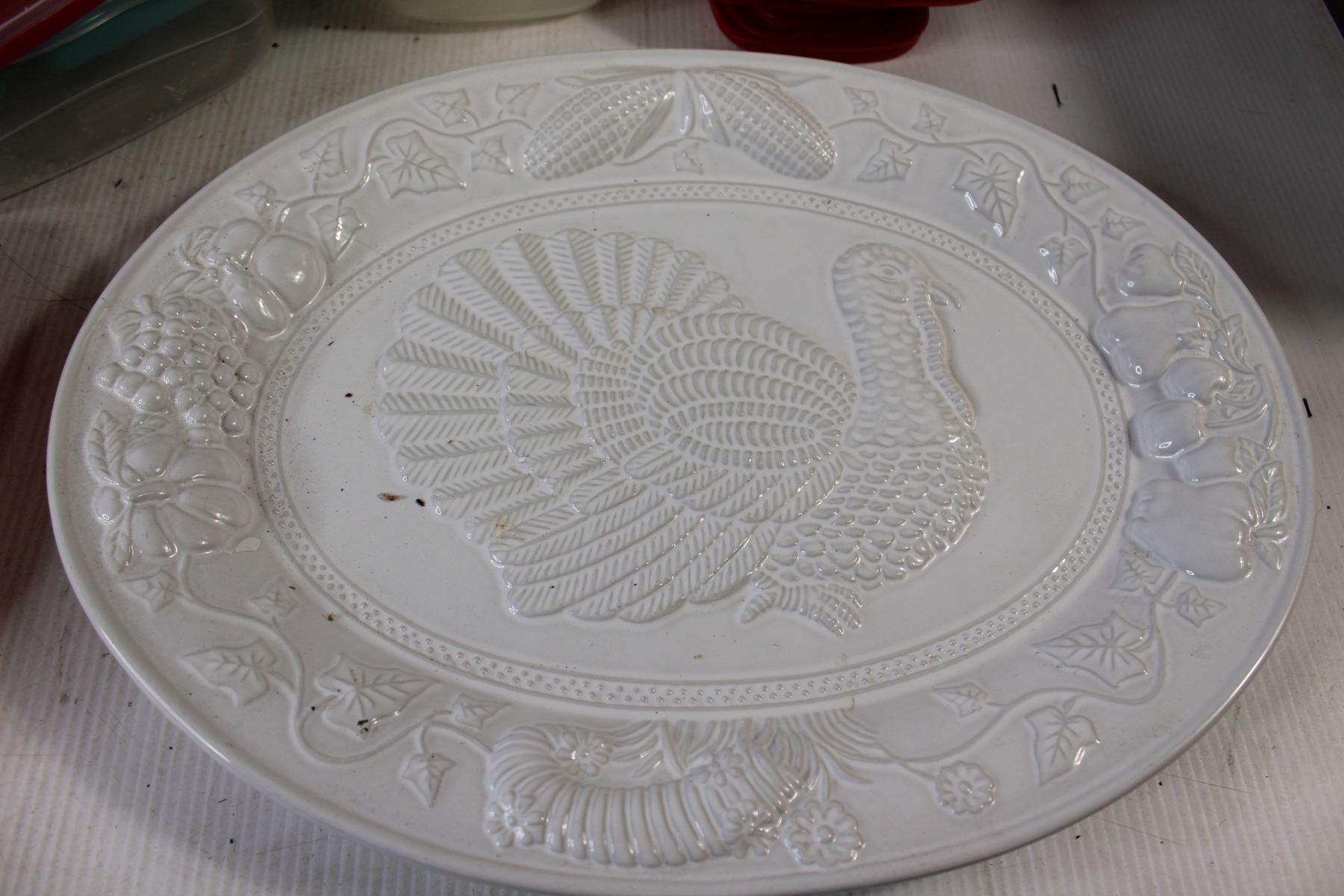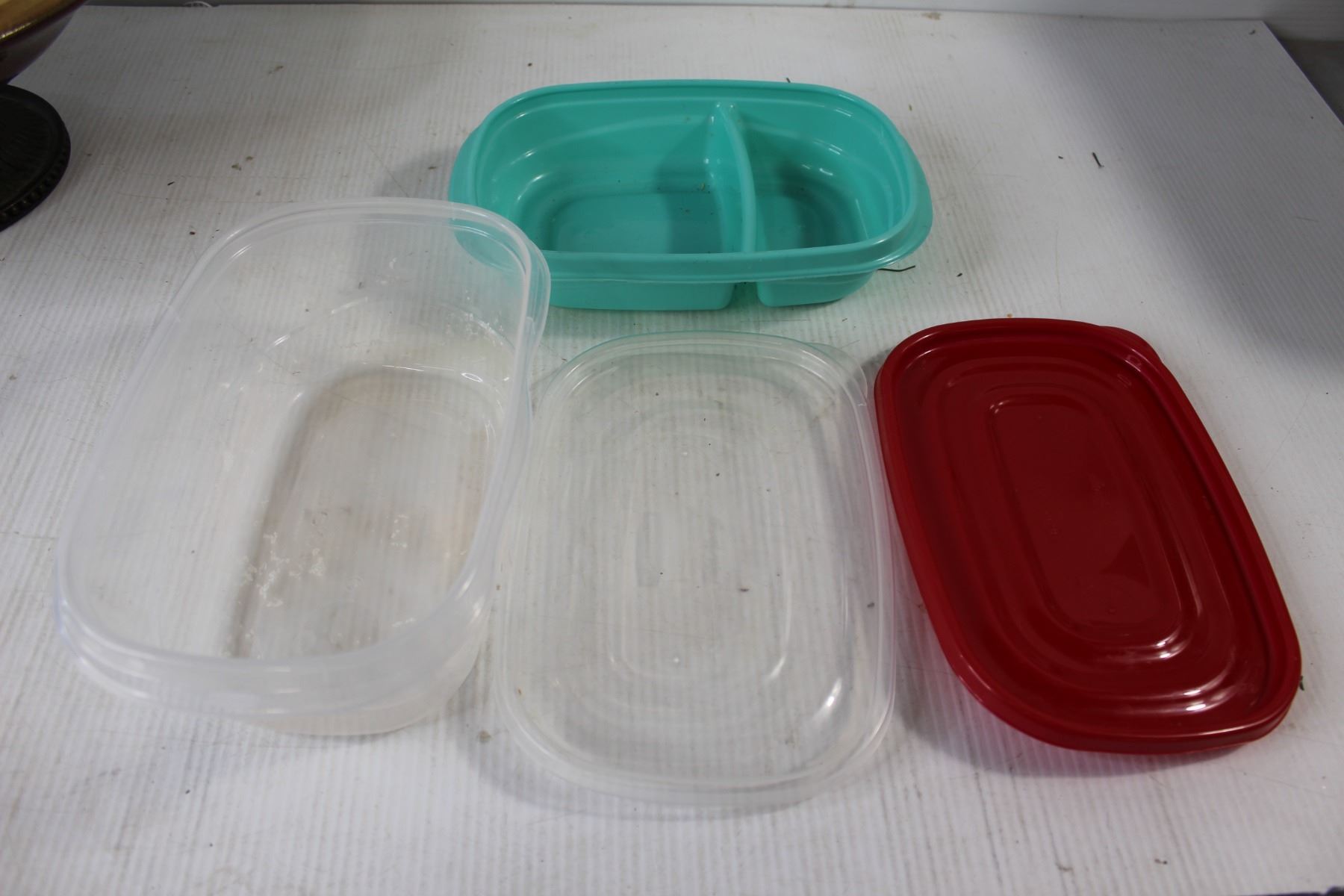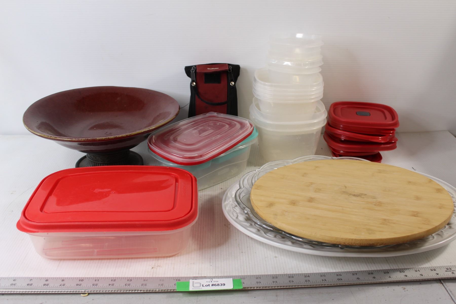 Fruit Bowl, Lazy Susan Tray, Glass Tray, Cresco White Turkey Tray, Assorted Tupperware Containers, B
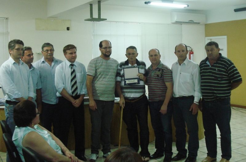 07/11/2012 Casa cheia e sessão marcada por muita emoção durante a entrega da placa de Título de Cidadão Honorário ao ex-prefeito Remi Alécio Mascarello. Familiares e amigos compareceram em peso a sessão de terça-feira (6) para prestigiar o ex-prefeito que recebeu a honraria aprovada por unanimidade pelo Legislativo hervalense e de autoria do vereador Joner Miguelão (PMDB).O Projeto de Decreto Legislativo nº044/2012 visa prestar homenagem e reconhecimento aos serviços prestados por Mascarello ao município de Herval d’Oeste.
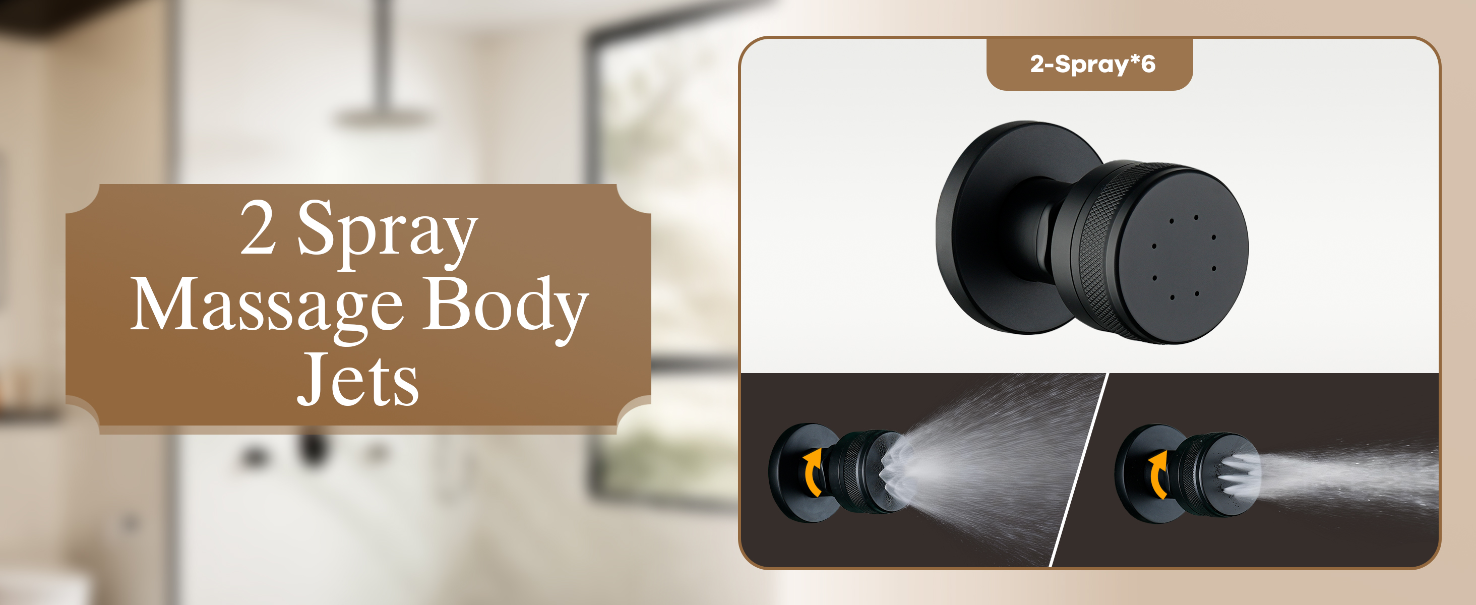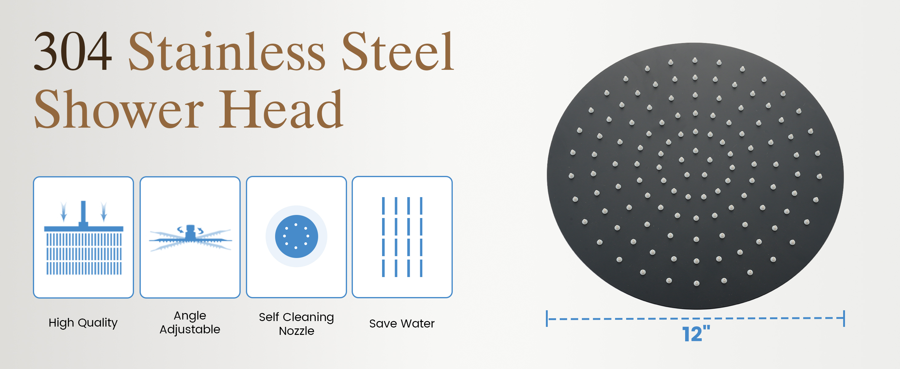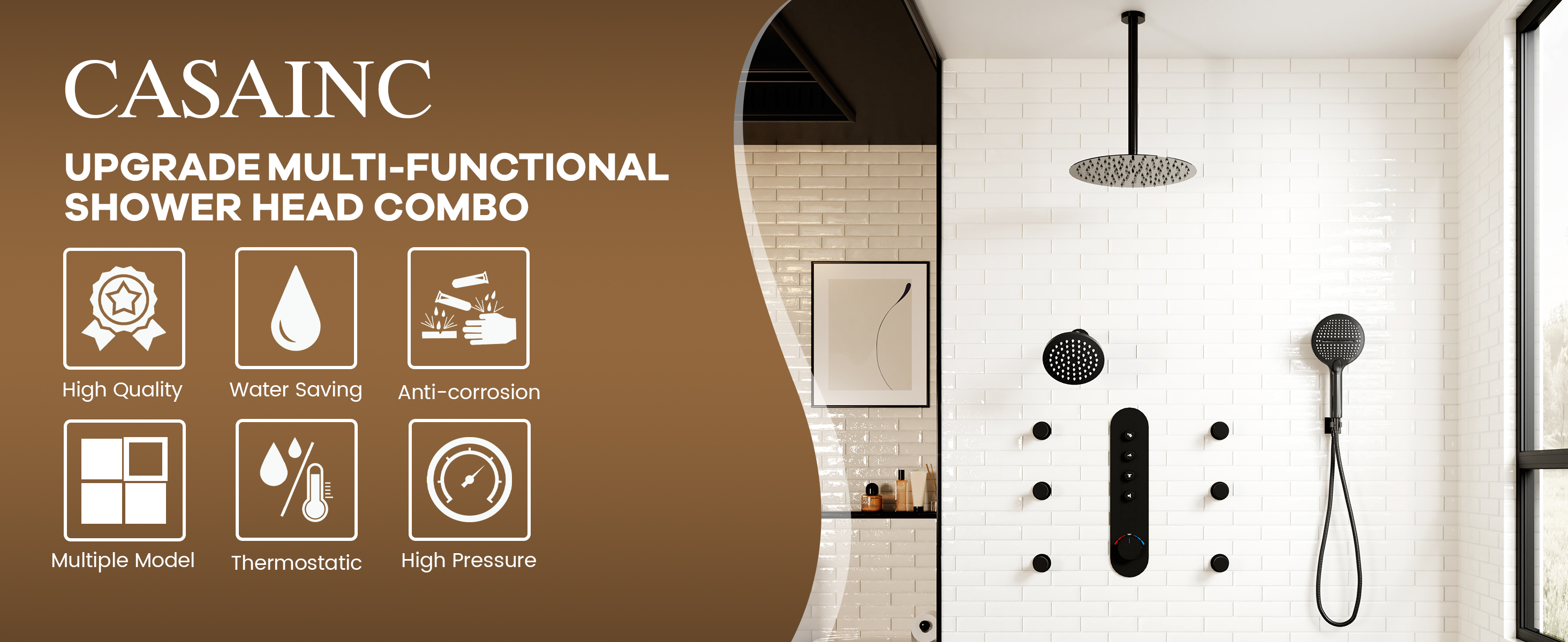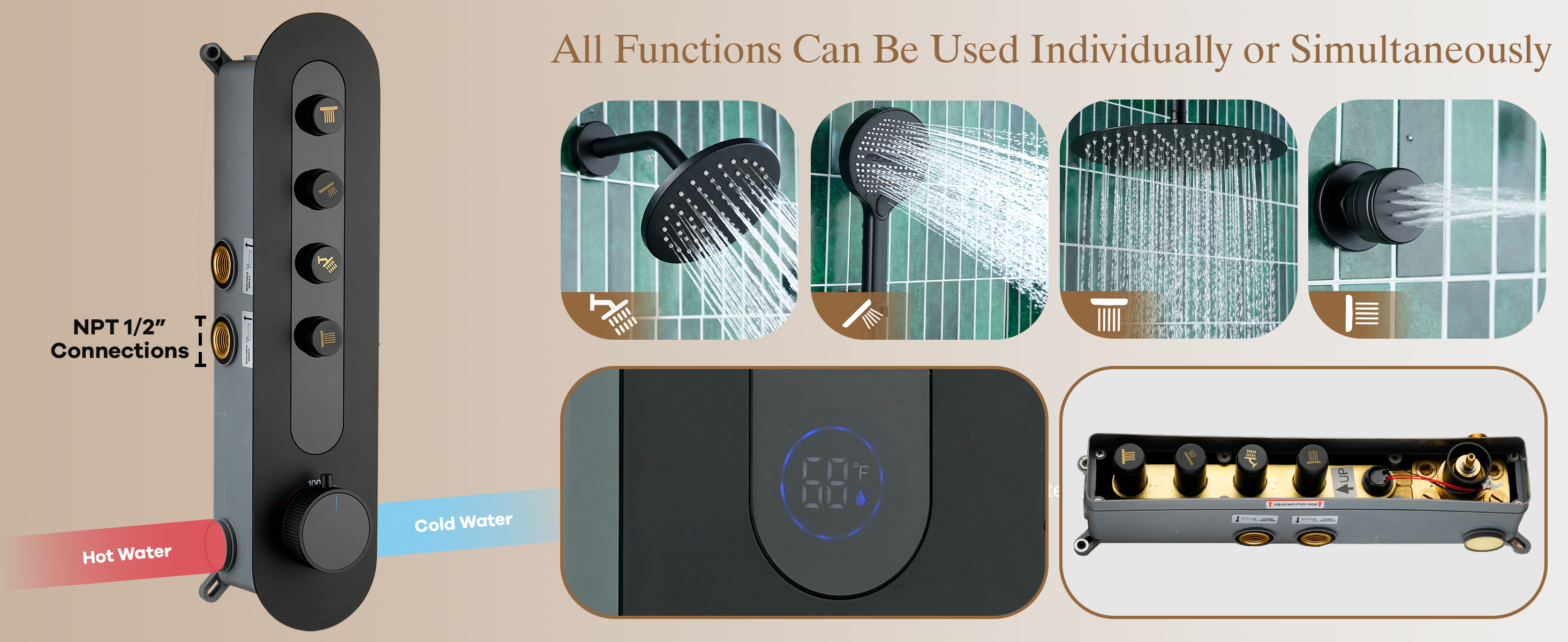 Experience a spa-inspired shower with this digital thermostatic multi-function shower system, designed for precision, comfort, and modern style. The 4-function digital thermostatic valve displays temperature in Fahrenheit, ensuring stable and safe water control throughout your shower. Dual overhead showerheads—a 12" slim rainfall head and a 6" thick overhead head—work together with six body jets to deliver immersive, full-body water coverage.
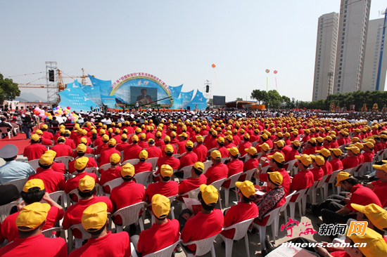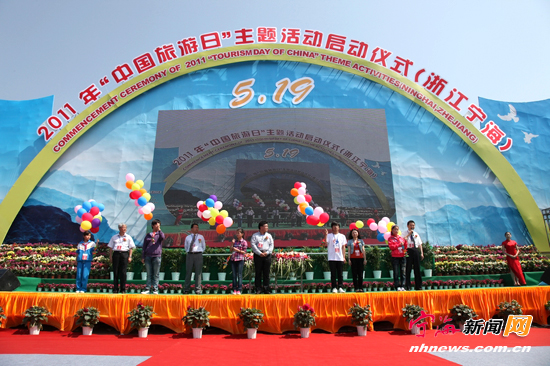 宁海新闻网快讯 (记者 惠广亮)5月19日,2011年“中国旅游日”主题活动启动仪式在《徐霞客游记》开篇地浙江宁海县举行。第九届中国徐霞客开游节同时开幕。启动仪式由国家旅游局、浙江省人民政府主办,宁波市人民政府、浙江省旅游局承办,宁波市旅游局、宁海县人民政府执行承办。全国人大常委会副委员长路甬祥宣布中国旅游日主题活动启动。图为开幕式盛况。
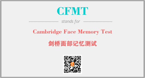 上述内容是“Cambridge Face Memory Test”作为“CFMT”的缩写,解释为“剑桥面部记忆测试”时的信息,以及英文缩略词CFMT所代表的英文单词,其对应的中文拼音、详细解释以及在英文中的流行度和相关分类、应用领域及应用示例等。
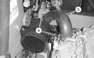 7. Loosen two clamps (4). Disconnect hose (5) .
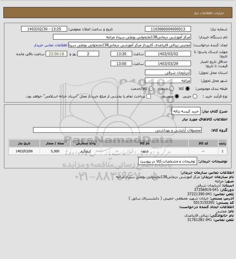 نام دستگاه خریدار:مرکز آموزشی درمانی138تختخوابی بوعلی سیناء مراغه
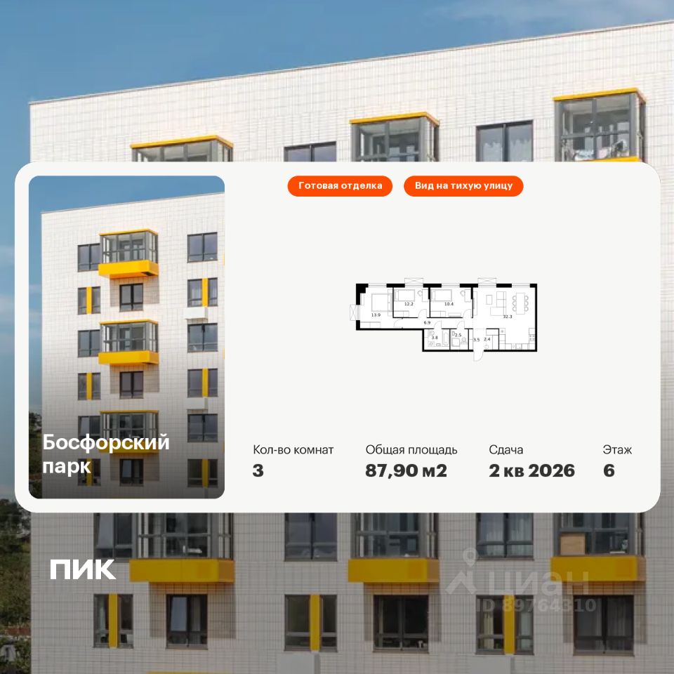 Продаётся 3-комн. квартира площадью 87,9 кв.м на 6 этаже 9 этажного дома (Корпус 6, Секция 1) проекта ПИК Босфорский парк. Светлый просторный подъезд на уровне земли, функциональная планировка, большие окна, c отделкой. Жилой квартал ''Босфорский парк'' расположен на юге Владивостока, в районе живописной бухты Патрокл. Из окон домов будет открываться прекрасный вид на залив и лес. Дорога до центра Владивостока на автомобиле займёт 20 минут. В ''Босфорском парке'' появится 20 жилых корпусов с магазинами, кафе и полезными сервисами на первых этажах. На территории проекта предусмотрены два многоуровневых надземных паркинга. В квартале будет много мест для отдыха и активных игр, три вида парков и даже родник, который будет перетекать в ручей с порогами и препятствиями. На территории парков появятся амфитеатры и террасы. Здесь жители смогут отдыхать, гулять, общаться, учиться или работать на свежем воздухе. На естественных склонах будут обустроены игровые зоны для детей - с горками, сетками, канатами и скалолазными зацепами. Всё это - новый формат благоустройства ''Многоуровневый ландшафт'', который разработан специально для регионов с перепадами высот. Ещё на этапе проектирования архитекторы учли все особенности рельефа, чтобы создать органичное пространство. Артикул 959896 (Застройщик ООО ''СПЕЦИАЛИЗИРОВАННЫЙ ЗАСТРОЙЩИК ПИК-ПРИМОРЬЕ'')
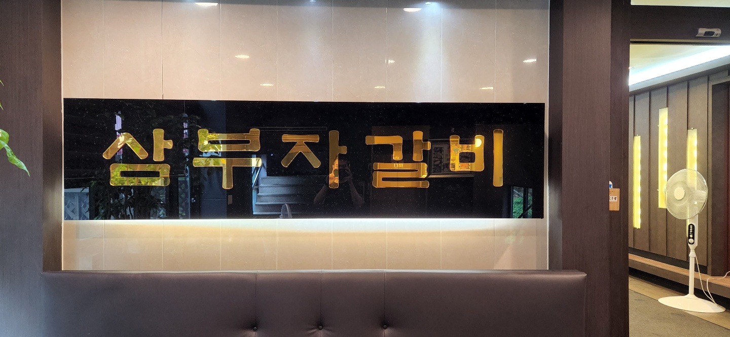 그리고 2층으로 올라가면 보이는 삼부자 갈비 간판입니다.
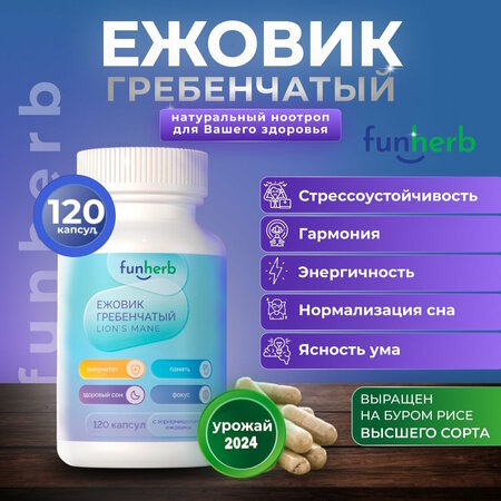 Ежовик гребенчатый для повышения активности мозга 120 капсул
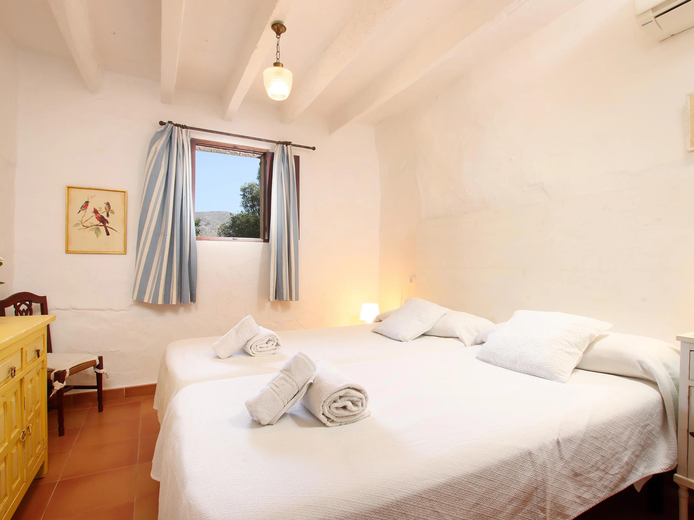 The villa is very close to a supermarket and to the main road that links Pollensa with Puerto Pollensa. The entrance is through a covered terrace and leads to a small lounge/dining room. To the left there is a double bedroom with antique furnishings. Also a door leads to a small passageway where the rest of the bedrooms and bathroom are. All the bedrooms benefit of air conditioning units. Through the outside terrace a door leads to the fitted kitchen.

◇ ◇ ◇ ◇

__Task__
Make an exact copy of all entries above, dropping the images.

__Exercise answer__
 Fruit Bowl, Lazy Susan Tray, Glass Tray, Cresco White Turkey Tray, Assorted Tupperware Containers, B
 07/11/2012 Casa cheia e sessão marcada por muita emoção durante a entrega da placa de Título de Cidadão Honorário ao ex-prefeito Remi Alécio Mascarello. Familiares e amigos compareceram em peso a sessão de terça-feira (6) para prestigiar o ex-prefeito que recebeu a honraria aprovada por unanimidade pelo Legislativo hervalense e de autoria do vereador Joner Miguelão (PMDB).O Projeto de Decreto Legislativo nº044/2012 visa prestar homenagem e reconhecimento aos serviços prestados por Mascarello ao município de Herval d’Oeste.
 Experience a spa-inspired shower with this digital thermostatic multi-function shower system, designed for precision, comfort, and modern style. The 4-function digital thermostatic valve displays temperature in Fahrenheit, ensuring stable and safe water control throughout your shower. Dual overhead showerheads—a 12" slim rainfall head and a 6" thick overhead head—work together with six body jets to deliver immersive, full-body water coverage.
 宁海新闻网快讯 (记者 惠广亮)5月19日,2011年“中国旅游日”主题活动启动仪式在《徐霞客游记》开篇地浙江宁海县举行。第九届中国徐霞客开游节同时开幕。启动仪式由国家旅游局、浙江省人民政府主办,宁波市人民政府、浙江省旅游局承办,宁波市旅游局、宁海县人民政府执行承办。全国人大常委会副委员长路甬祥宣布中国旅游日主题活动启动。图为开幕式盛况。
 上述内容是“Cambridge Face Memory Test”作为“CFMT”的缩写,解释为“剑桥面部记忆测试”时的信息,以及英文缩略词CFMT所代表的英文单词,其对应的中文拼音、详细解释以及在英文中的流行度和相关分类、应用领域及应用示例等。
 7. Loosen two clamps (4). Disconnect hose (5) .
 نام دستگاه خریدار:مرکز آموزشی درمانی138تختخوابی بوعلی سیناء مراغه
 Продаётся 3-комн. квартира площадью 87,9 кв.м на 6 этаже 9 этажного дома (Корпус 6, Секция 1) проекта ПИК Босфорский парк. Светлый просторный подъезд на уровне земли, функциональная планировка, большие окна, c отделкой. Жилой квартал ''Босфорский парк'' расположен на юге Владивостока, в районе живописной бухты Патрокл. Из окон домов будет открываться прекрасный вид на залив и лес. Дорога до центра Владивостока на автомобиле займёт 20 минут. В ''Босфорском парке'' появится 20 жилых корпусов с магазинами, кафе и полезными сервисами на первых этажах. На территории проекта предусмотрены два многоуровневых надземных паркинга. В квартале будет много мест для отдыха и активных игр, три вида парков и даже родник, который будет перетекать в ручей с порогами и препятствиями. На территории парков появятся амфитеатры и террасы. Здесь жители смогут отдыхать, гулять, общаться, учиться или работать на свежем воздухе. На естественных склонах будут обустроены игровые зоны для детей - с горками, сетками, канатами и скалолазными зацепами. Всё это - новый формат благоустройства ''Многоуровневый ландшафт'', который разработан специально для регионов с перепадами высот. Ещё на этапе проектирования архитекторы учли все особенности рельефа, чтобы создать органичное пространство. Артикул 959896 (Застройщик ООО ''СПЕЦИАЛИЗИРОВАННЫЙ ЗАСТРОЙЩИК ПИК-ПРИМОРЬЕ'')
 그리고 2층으로 올라가면 보이는 삼부자 갈비 간판입니다.
 Ежовик гребенчатый для повышения активности мозга 120 капсул
 The villa is very close to a supermarket and to the main road that links Pollensa with Puerto Pollensa. The entrance is through a covered terrace and leads to a small lounge/dining room. To the left there is a double bedroom with antique furnishings. Also a door leads to a small passageway where the rest of the bedrooms and bathroom are. All the bedrooms benefit of air conditioning units. Through the outside terrace a door leads to the fitted kitchen.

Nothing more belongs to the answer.